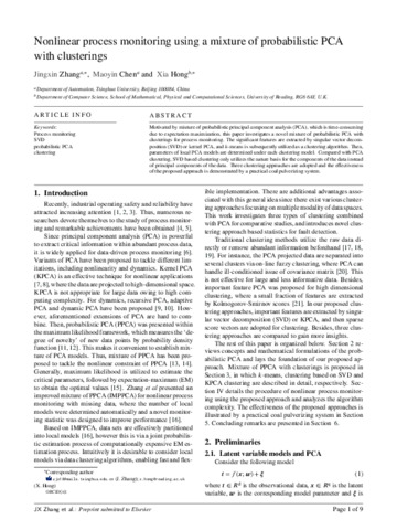 Nonlinear process monitoring using a mixture of probabilistic PCA with clusterings.
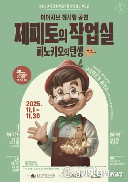 [경기핫타임뉴스=김형철 기자] (재)구리문화재단은 한국장애인문화예술원이 주최하는 무장애 문화 향유 활성화 지원사업의 일환으로 몰입형 전시 공연 '제페토의 작업실 : 피노키오의 탄생'을 11월 1일부터 11월 30일까지 개최한다고 밝혔다.
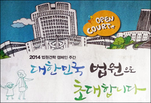 오는 4월 25일은 "법의 날"입니다. 이날 앞뒤 2주간은 2014 법원견학 캠페인 주간이라고 합니다. 그래서 대한민국 법원이 시민들을 초대한다네요. 한글로 홍보 하는 것이 기분 좋습니다.
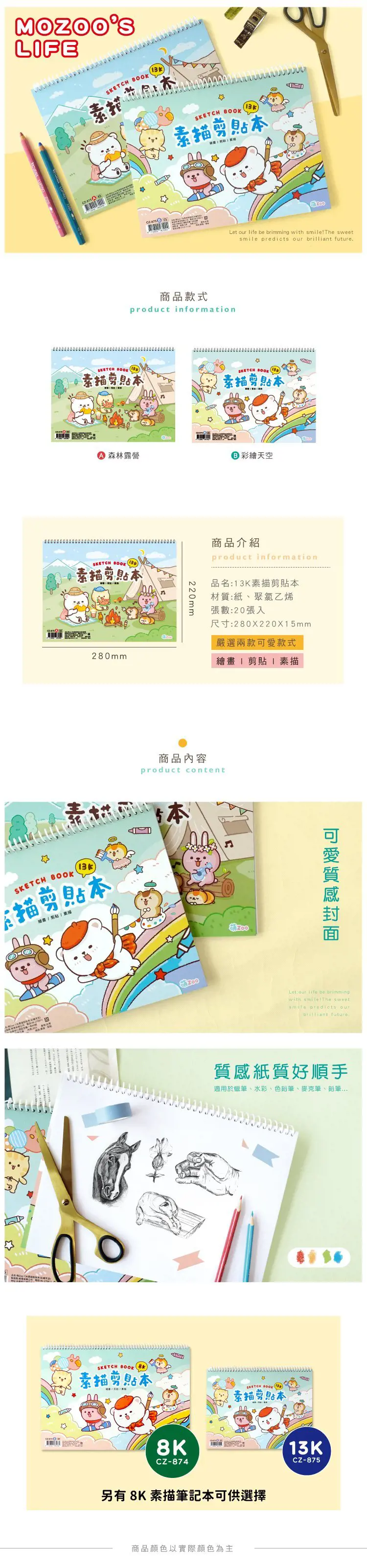◎適用:蠟筆、色鉛筆、麥克筆、水彩、鉛筆...【商品說明】 1. 青青 萌ZOO系列 CZ-875 13K素描剪貼本(280X220X15mm)

● ● ● ●

> _Work instruction_
Reproduce only the lines from the beginning of the data through the line that contains "[경기핫타임뉴스=김형철 기자] (재)구리문화재단은", both included, and please drop the pictures.

> _Answer for this exercise_
 Nonlinear process monitoring using a mixture of probabilistic PCA with clusterings.
 [경기핫타임뉴스=김형철 기자] (재)구리문화재단은 한국장애인문화예술원이 주최하는 무장애 문화 향유 활성화 지원사업의 일환으로 몰입형 전시 공연 '제페토의 작업실 : 피노키오의 탄생'을 11월 1일부터 11월 30일까지 개최한다고 밝혔다.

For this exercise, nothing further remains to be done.